_WHAT IS REQUIRED_: Starting at the line below with "Guiltless Barber Club" and stopping at the line with "Giữa không gian", please print each line exactly, those two included, and skip every picture.

_DATA LISTING_:
########
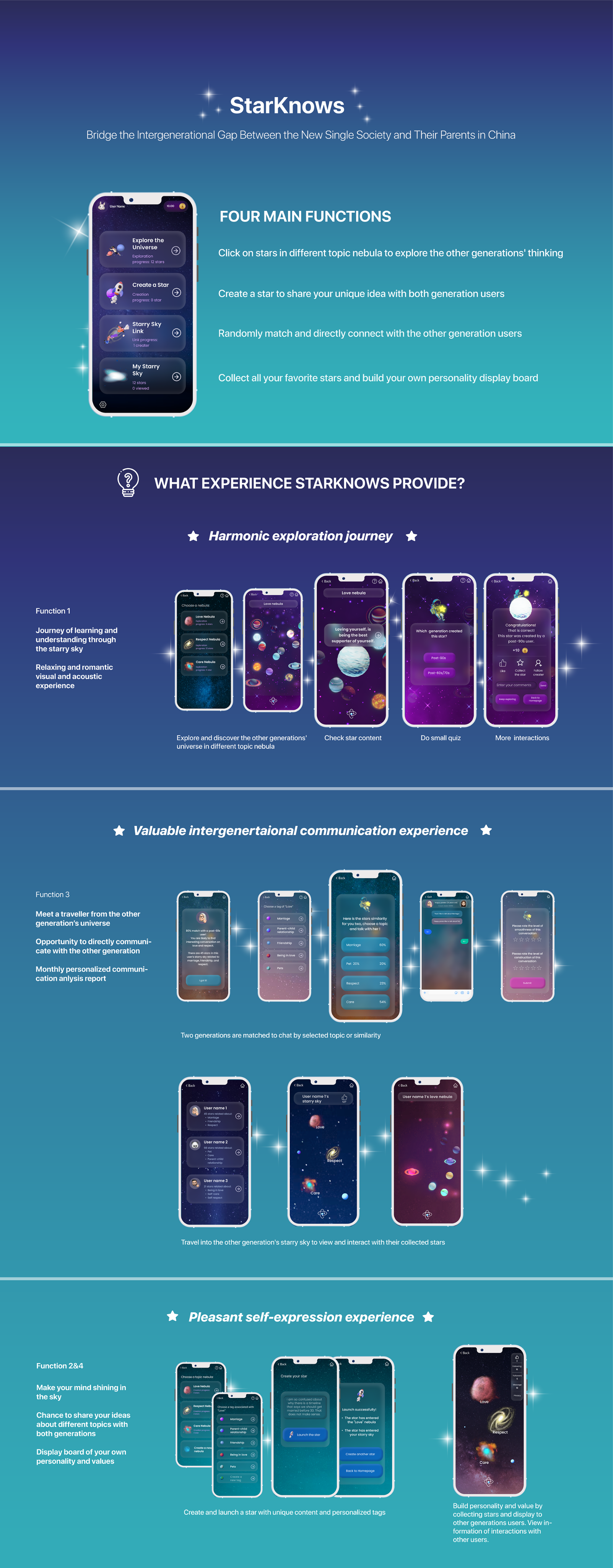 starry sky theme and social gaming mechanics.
########
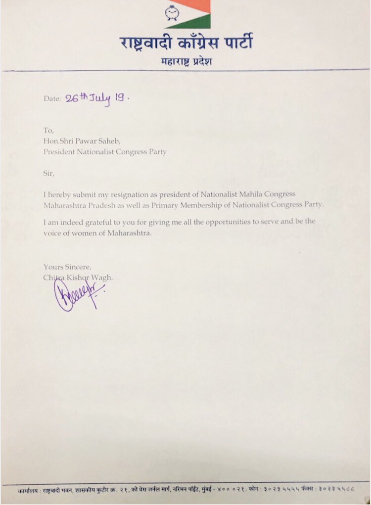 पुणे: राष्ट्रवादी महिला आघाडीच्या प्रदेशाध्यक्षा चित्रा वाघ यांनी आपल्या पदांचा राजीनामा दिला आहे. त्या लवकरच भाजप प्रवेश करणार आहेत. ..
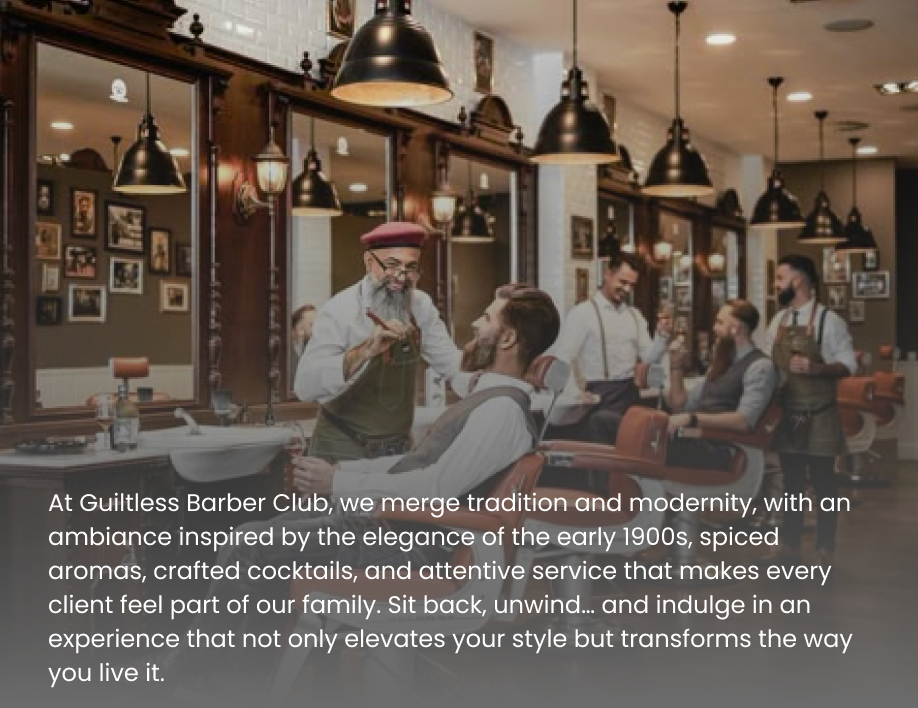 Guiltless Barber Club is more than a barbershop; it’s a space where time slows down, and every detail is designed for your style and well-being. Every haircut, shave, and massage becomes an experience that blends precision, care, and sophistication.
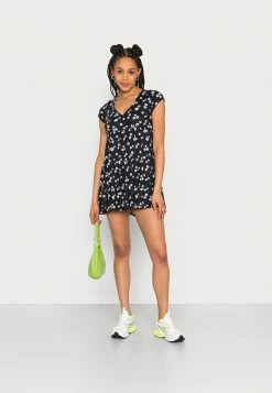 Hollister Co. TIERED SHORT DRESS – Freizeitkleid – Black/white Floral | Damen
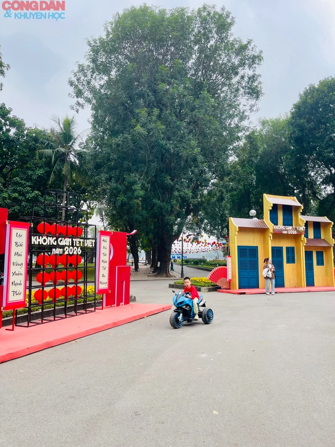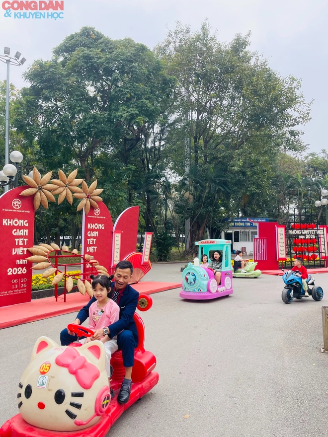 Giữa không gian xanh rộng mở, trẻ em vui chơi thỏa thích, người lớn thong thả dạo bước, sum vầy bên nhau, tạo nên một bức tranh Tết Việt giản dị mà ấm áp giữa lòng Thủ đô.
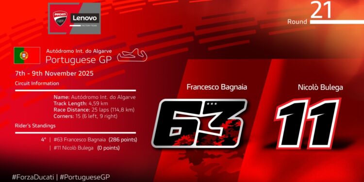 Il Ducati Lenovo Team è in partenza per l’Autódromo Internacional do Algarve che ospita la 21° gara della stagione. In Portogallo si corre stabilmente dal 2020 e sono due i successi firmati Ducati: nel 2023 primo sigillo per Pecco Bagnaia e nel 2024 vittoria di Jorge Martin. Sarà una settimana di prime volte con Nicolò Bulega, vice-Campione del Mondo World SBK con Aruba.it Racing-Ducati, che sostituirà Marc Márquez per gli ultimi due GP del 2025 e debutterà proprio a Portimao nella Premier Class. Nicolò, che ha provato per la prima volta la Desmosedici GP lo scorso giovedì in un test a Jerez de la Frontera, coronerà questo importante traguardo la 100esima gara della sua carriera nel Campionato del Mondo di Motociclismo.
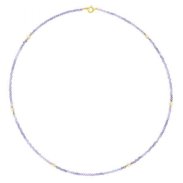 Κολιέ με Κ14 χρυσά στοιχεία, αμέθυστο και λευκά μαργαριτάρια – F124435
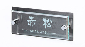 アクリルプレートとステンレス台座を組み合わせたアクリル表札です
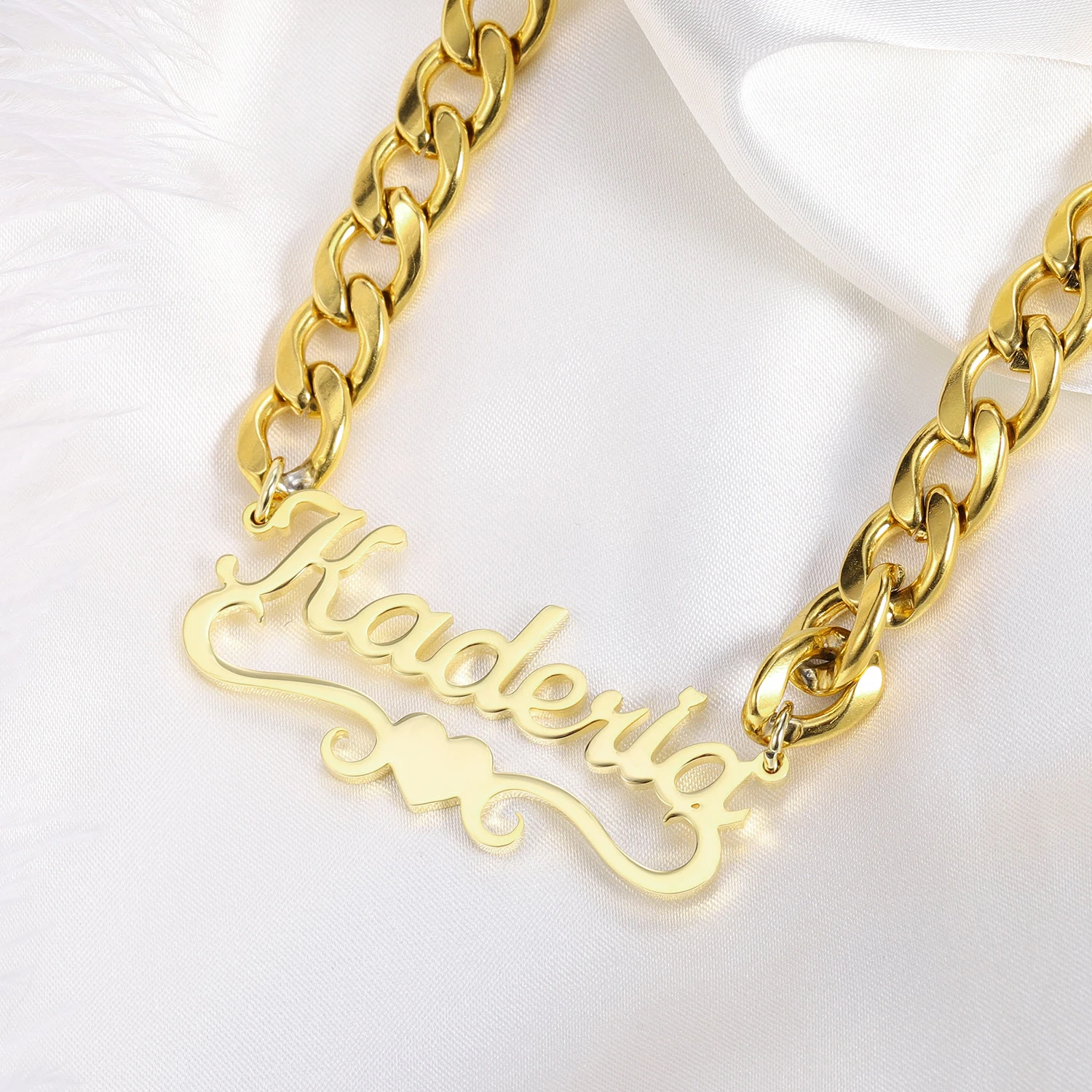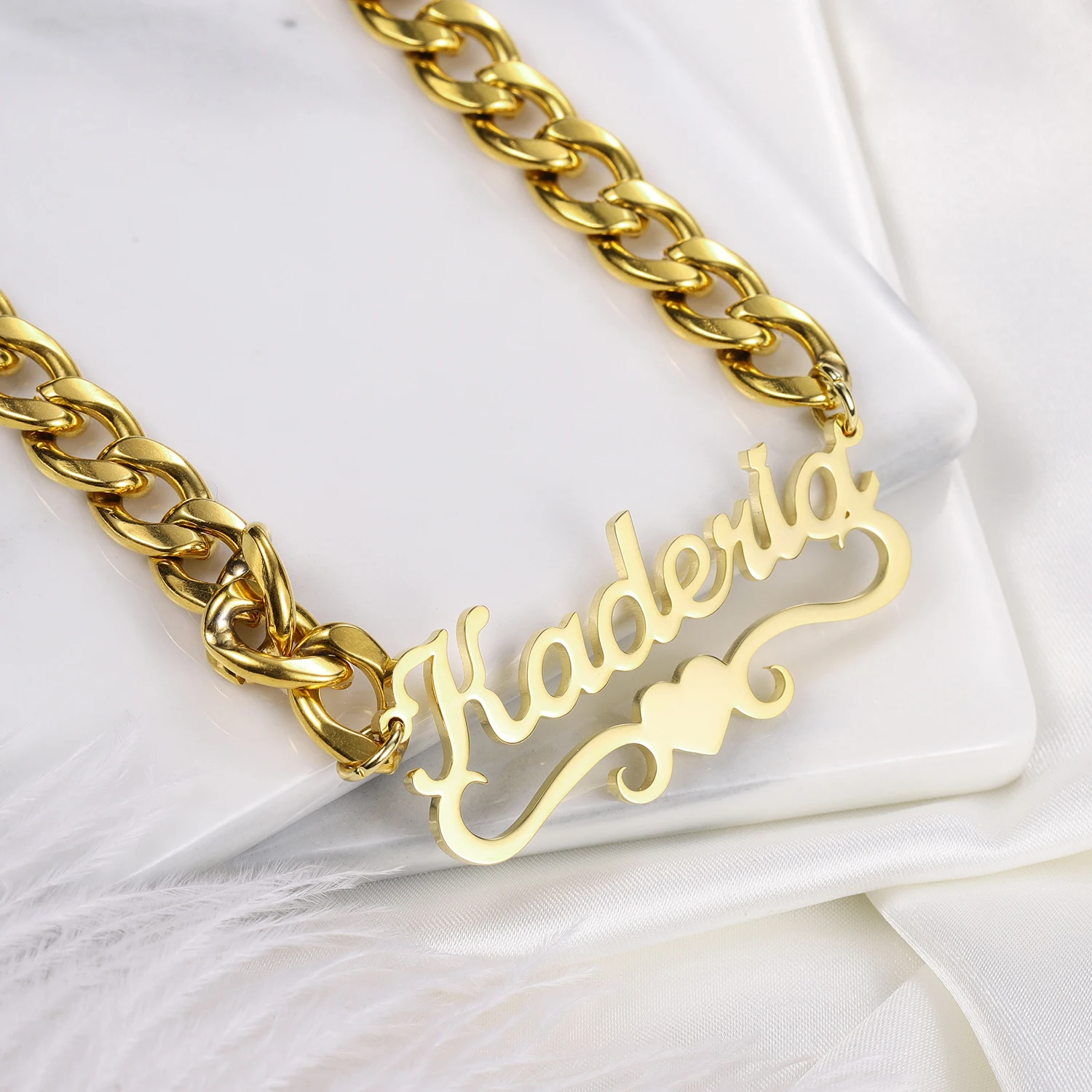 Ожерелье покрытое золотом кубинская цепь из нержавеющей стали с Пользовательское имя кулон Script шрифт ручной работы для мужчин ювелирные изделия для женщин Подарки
########
_WRITTEN RESPONSE_:
 Guiltless Barber Club is more than a barbershop; it’s a space where time slows down, and every detail is designed for your style and well-being. Every haircut, shave, and massage becomes an experience that blends precision, care, and sophistication.
 Hollister Co. TIERED SHORT DRESS – Freizeitkleid – Black/white Floral | Damen
 Giữa không gian xanh rộng mở, trẻ em vui chơi thỏa thích, người lớn thong thả dạo bước, sum vầy bên nhau, tạo nên một bức tranh Tết Việt giản dị mà ấm áp giữa lòng Thủ đô.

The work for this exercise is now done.